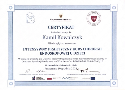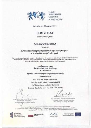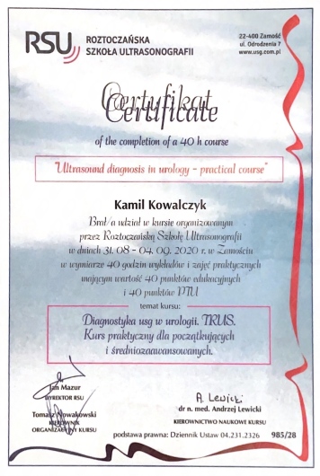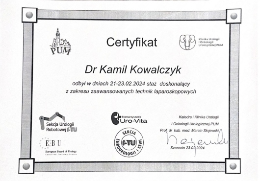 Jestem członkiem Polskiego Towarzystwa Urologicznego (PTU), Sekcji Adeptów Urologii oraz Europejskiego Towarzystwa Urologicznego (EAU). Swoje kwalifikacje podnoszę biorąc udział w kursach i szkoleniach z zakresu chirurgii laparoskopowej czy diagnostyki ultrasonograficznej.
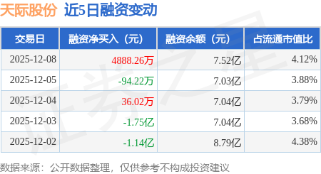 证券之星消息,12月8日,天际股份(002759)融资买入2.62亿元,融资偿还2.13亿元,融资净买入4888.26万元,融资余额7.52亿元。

---

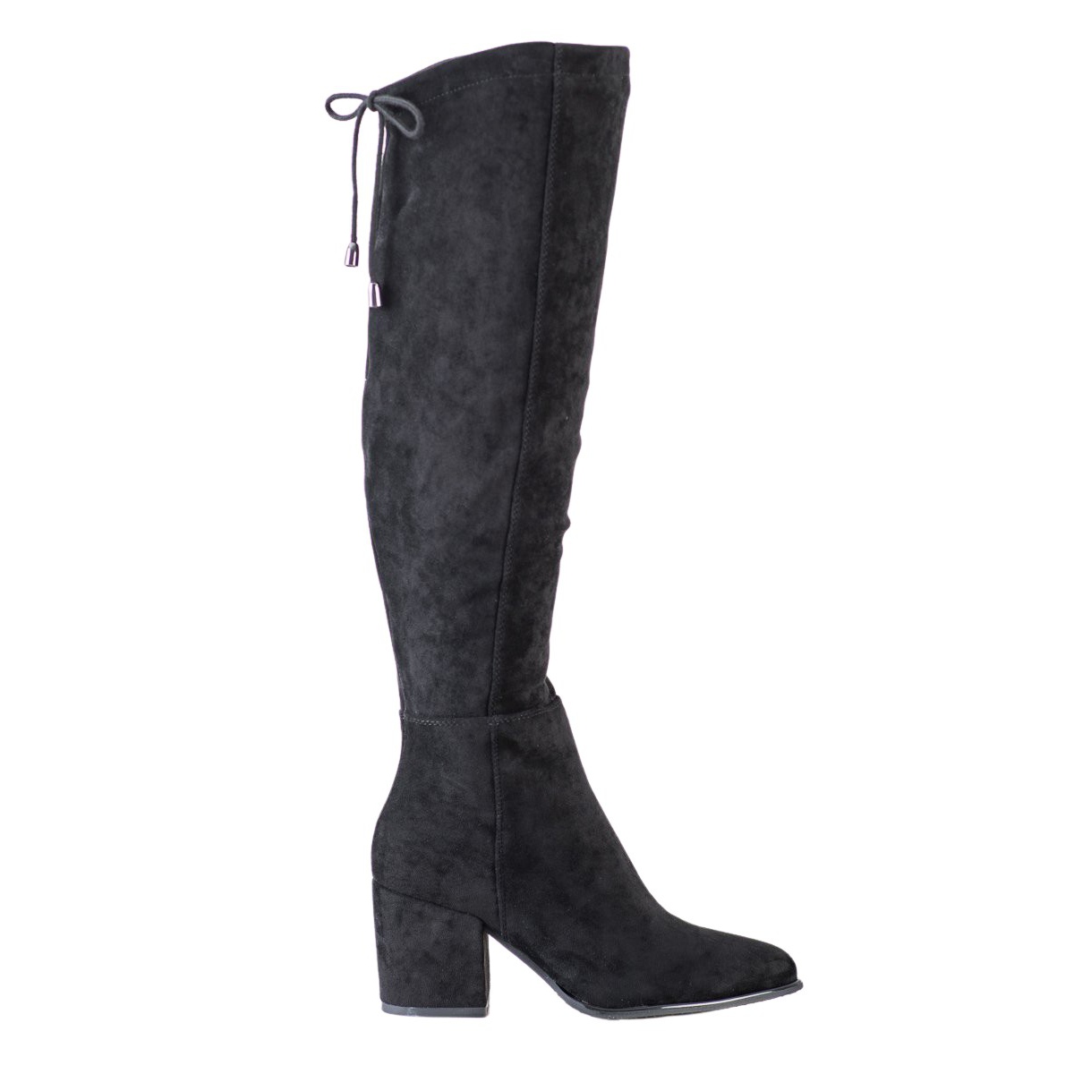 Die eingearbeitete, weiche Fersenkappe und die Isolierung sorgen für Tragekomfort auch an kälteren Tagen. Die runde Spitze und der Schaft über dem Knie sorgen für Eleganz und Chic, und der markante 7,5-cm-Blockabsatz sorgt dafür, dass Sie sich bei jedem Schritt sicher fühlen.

---

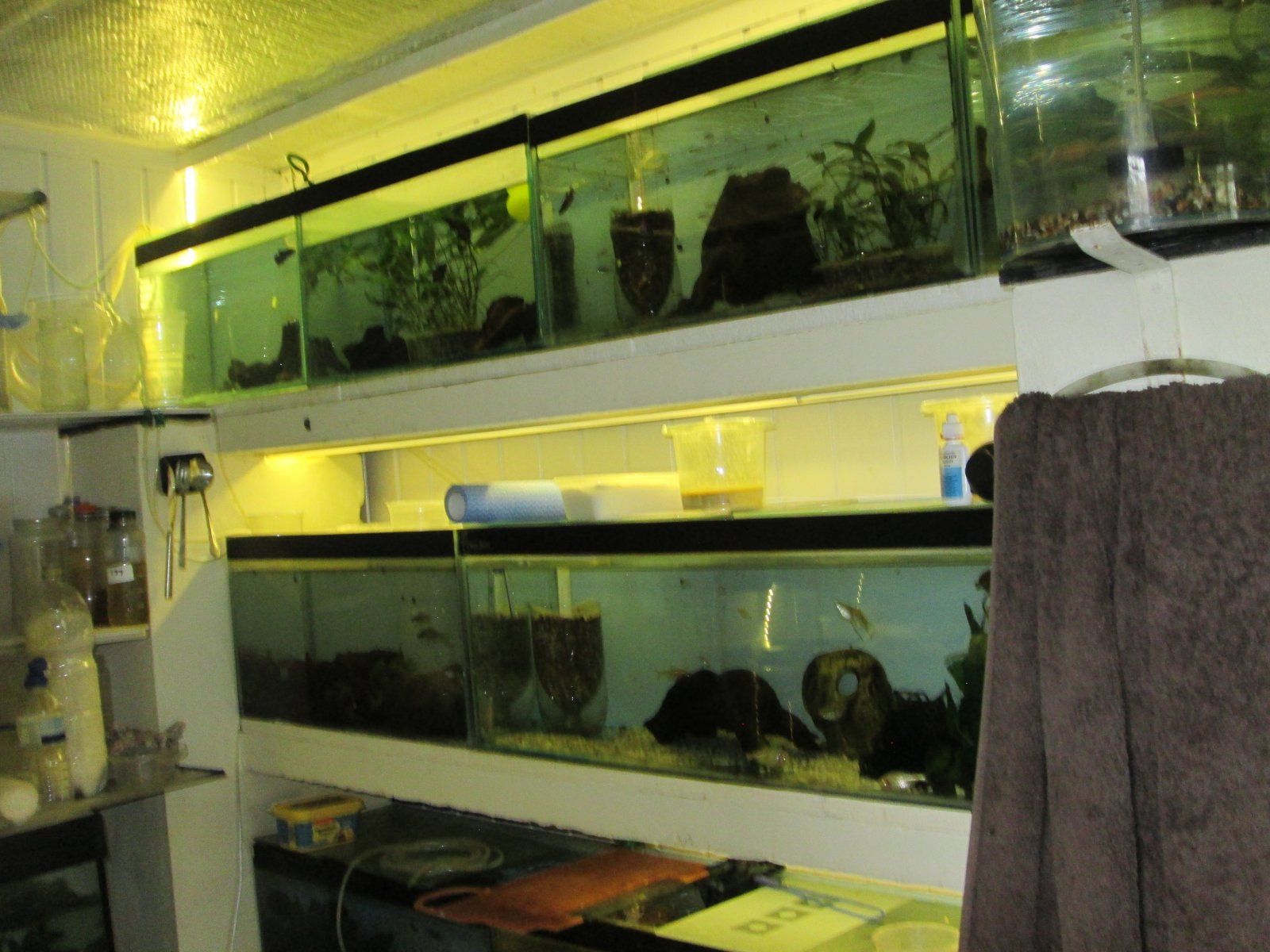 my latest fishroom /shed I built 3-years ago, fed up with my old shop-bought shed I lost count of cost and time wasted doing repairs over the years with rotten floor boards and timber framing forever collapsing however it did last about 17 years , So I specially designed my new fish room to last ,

*Assignment:* I'd like the lines above repeated exactly, from the one that contains "Jestem członkiem Polskiego" through the one that contains "证券之星消息,12月8日,天", with no pictures.

*Output:*
 Jestem członkiem Polskiego Towarzystwa Urologicznego (PTU), Sekcji Adeptów Urologii oraz Europejskiego Towarzystwa Urologicznego (EAU). Swoje kwalifikacje podnoszę biorąc udział w kursach i szkoleniach z zakresu chirurgii laparoskopowej czy diagnostyki ultrasonograficznej.
 证券之星消息,12月8日,天际股份(002759)融资买入2.62亿元,融资偿还2.13亿元,融资净买入4888.26万元,融资余额7.52亿元。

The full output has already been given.